Religious Survey Suggests Search for Spirituality Outside Christian Churches

The Monday edition of the Herald newspaper reveals some figures of a recent survey on spirituality and religious belief in the Health and Wellbeing supplement, which shows increasing number of people claiming that they have no religion.

The Herald newspaper’s survey interviewed a total of 970 people. According to the survey, the percentage of those who are practising members of a religion (53.4%) is very close to that of those who are not (45.7%). This result once again reaffirms the finding of the 2001 UK national census that Scots are more likely than people in England, Wales or Northern Ireland to say they have no religion.

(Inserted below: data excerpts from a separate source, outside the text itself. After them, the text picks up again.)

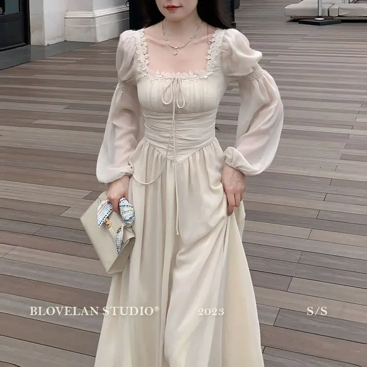 로리타 달콤한 섹시한 쉬폰 드레스 여성 패션 슬림 우아한 프랑스 드레스 통기성 긴 소매 비치 휴가 파티 드레스
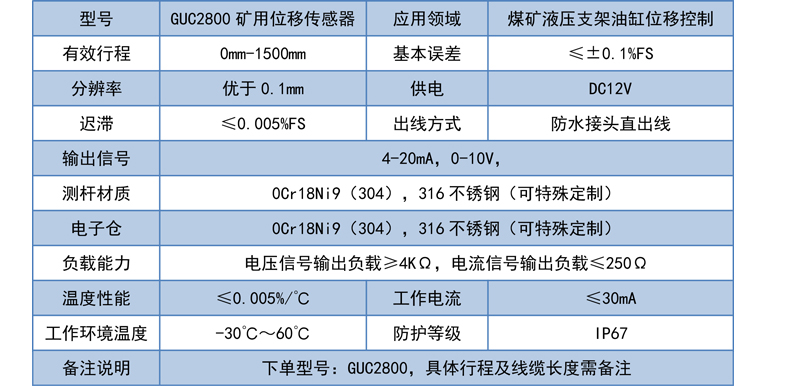 二、GUC2800矿用本安磁致伸缩位移传感器技术参数:
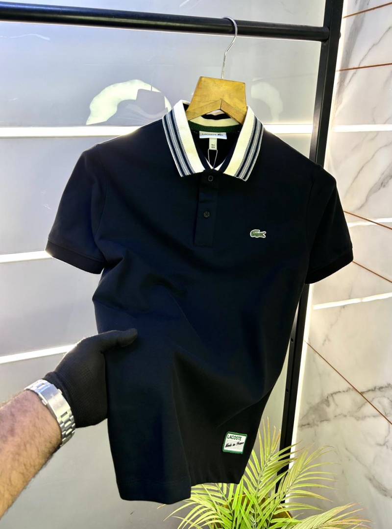 Lacost e Black Polo Premium Collar Neck T-shirt F3056-B1
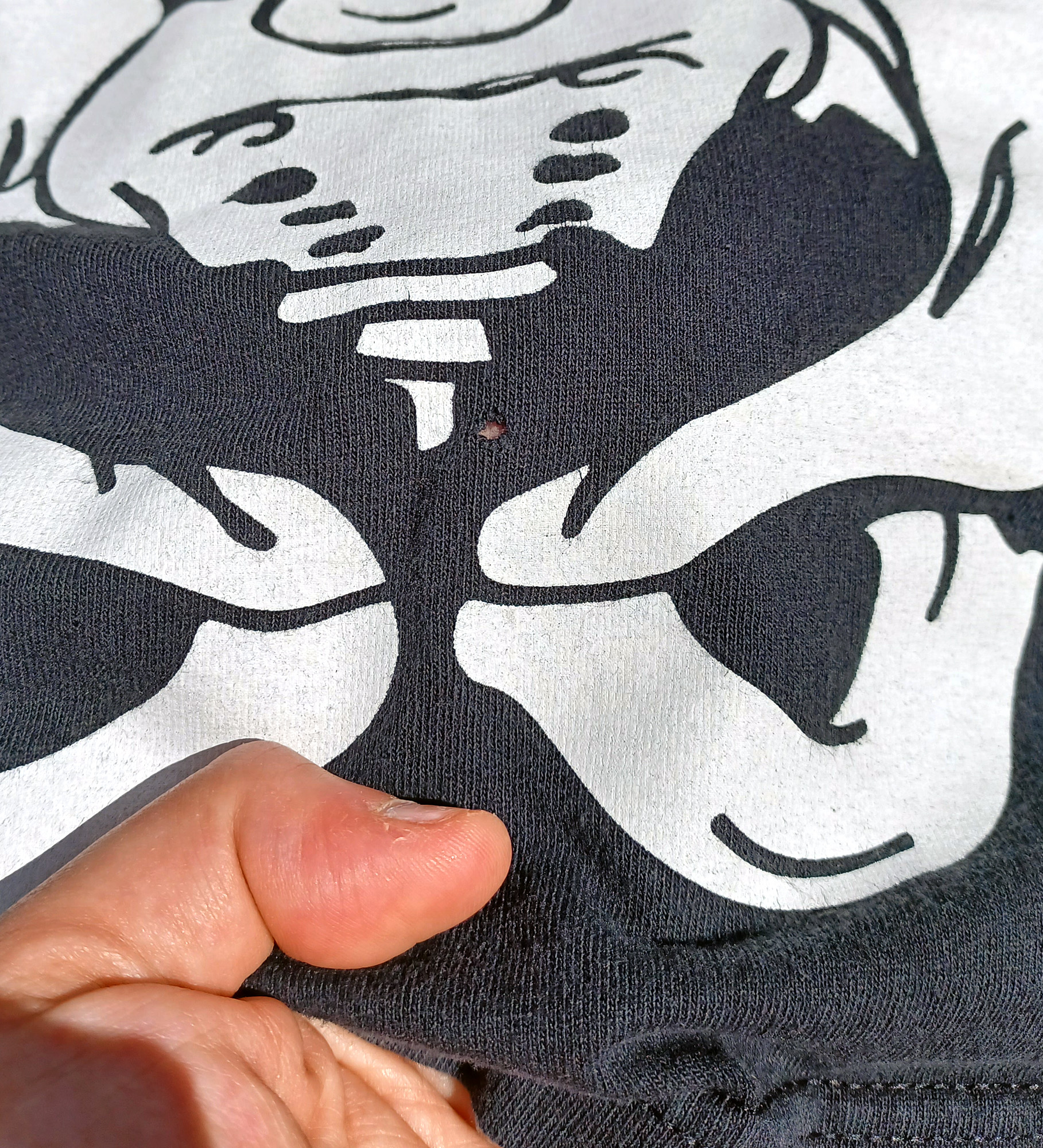 Classic, heavyweight skeleton tee with zero futzing around. You want bones? We got bones!!! If your torso happens to be the right length, the bones might even line up with your bones!! Neat!
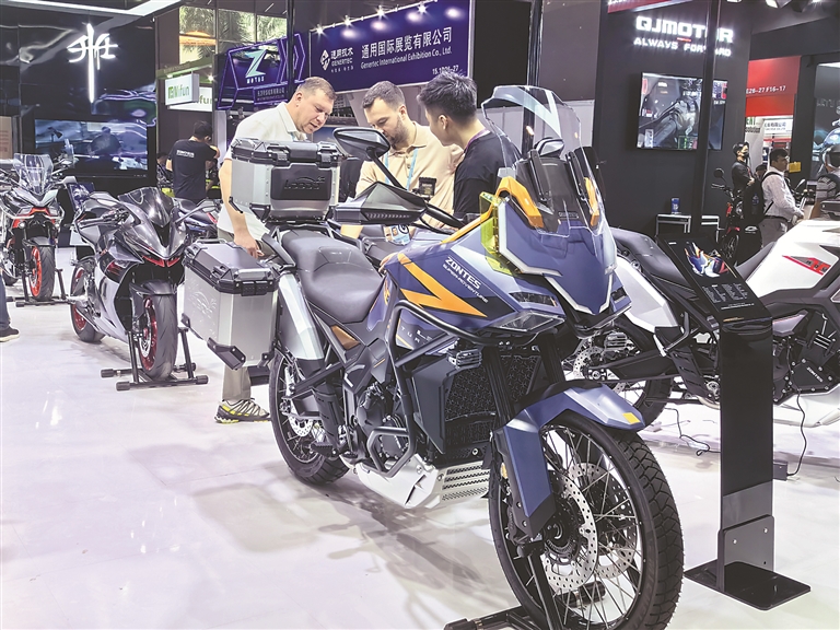 图为采购商在广交会摩托车展区咨询某企业新品车型。 记者 柴雅欣 摄
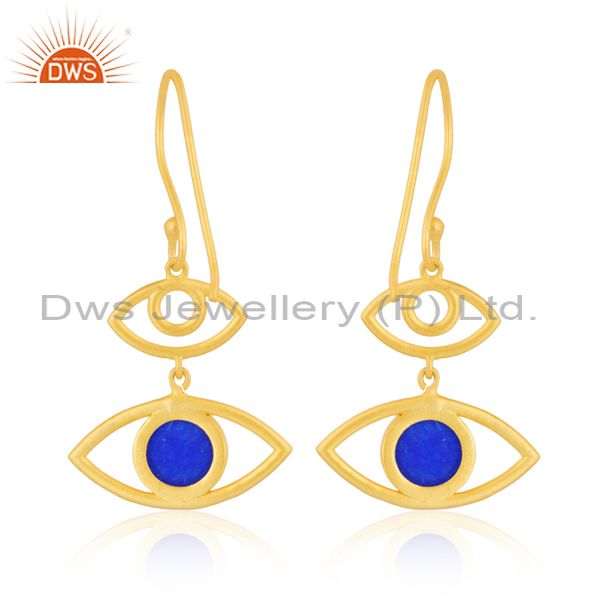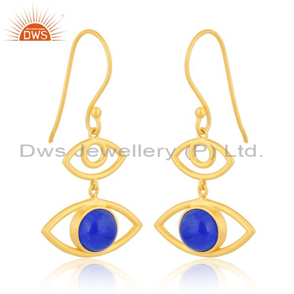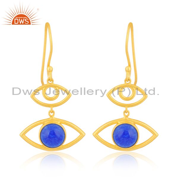 Aventurine Natural Blue Quartz 18K Gold On Brass Earrings
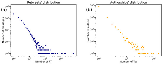 Since only limited information regarding the authors of posts on Twitter is available, most of the first part of the WoS analysis was neglected on the Twitter dataset. Nevertheless, the analysis of semantic networks was performed on Twitter’s new content messages, i.e., those that are not retweets. It is worth mentioning that this approach is similar, but different, to others in the literature. For instance, in [33] the semantic network was inferred using only a tweets’ hashtags.

In the census, 27.5% of Scots said they had no religion, compared with a UK average of 15.4%, quoted the Herald newspaper.

Despite the high portion of people without religion, 70.9% of respondents described themselves as spiritual; 60.5% said they believe in God; 67.7% in a higher life force; and 62.9% in life after death. It has clearly showed that people who are searching for spirituality are shifting their focus from church or organised religions, to some other practices they consider that can quench their "spiritual needs" - a trend that has been widespread in post-Christendom Europe.

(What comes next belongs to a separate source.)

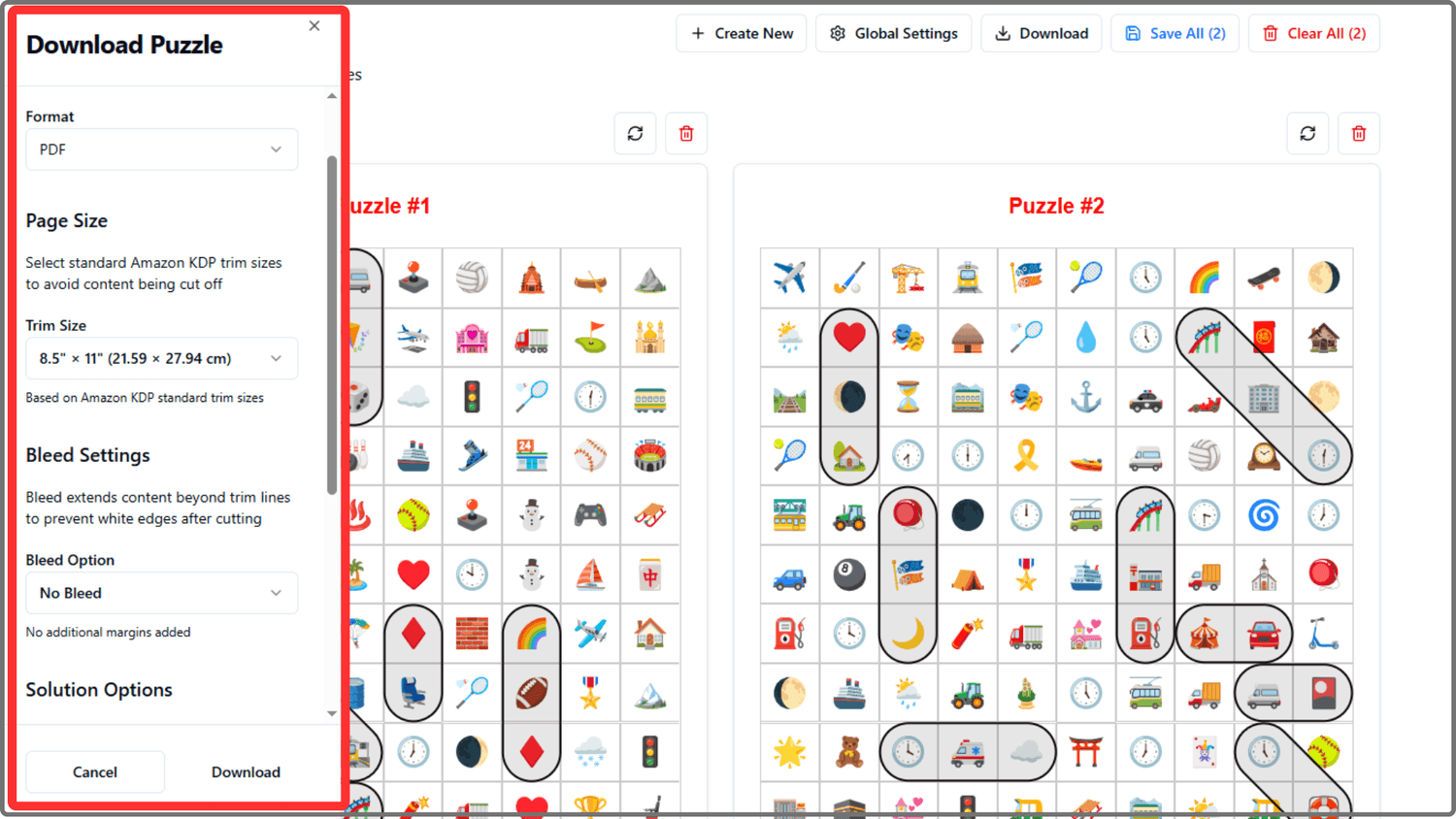 Click Download, and your Emoji Word Search puzzle book is ready to use or publish.

In response to the survey, Callum Brown, professor of religious and cultural history at Dundee University said to the Herald, "The figure suggests Scotland is a leading part of the very pronounced collapse of traditional Christian culture in Europe. In a recent survey of the people of the EU, 42% claimed that religion did not occupy an important place in their life."

Peter Kearney, spokesman for the Catholic Church in Scotland, however, argued that "the demise of religious belief in Scotland has been greatly exaggerated".

Speaking to the Herald, Kearney believed that "belief and practice are not the same thing, many more believe than actively worship and this does not mean that religion is dead". He insisted that "belief in God clearly remains a fundamental truth for an overwhelming majority of Scots."

Rev Alex Millar, who is involved with mission and evangelism in the Church of Scotland, echoed, "There is at large a spiritual search being conducted by modern men and women in search of happiness and fulfilment which materialism does not offer."

"The old pattern of measuring religious affiliation is not necessarily the best indication of the strength of religion. Parish ministers up and down the country increasingly have people attending regularly, but who don't belong in the formal sense of membership."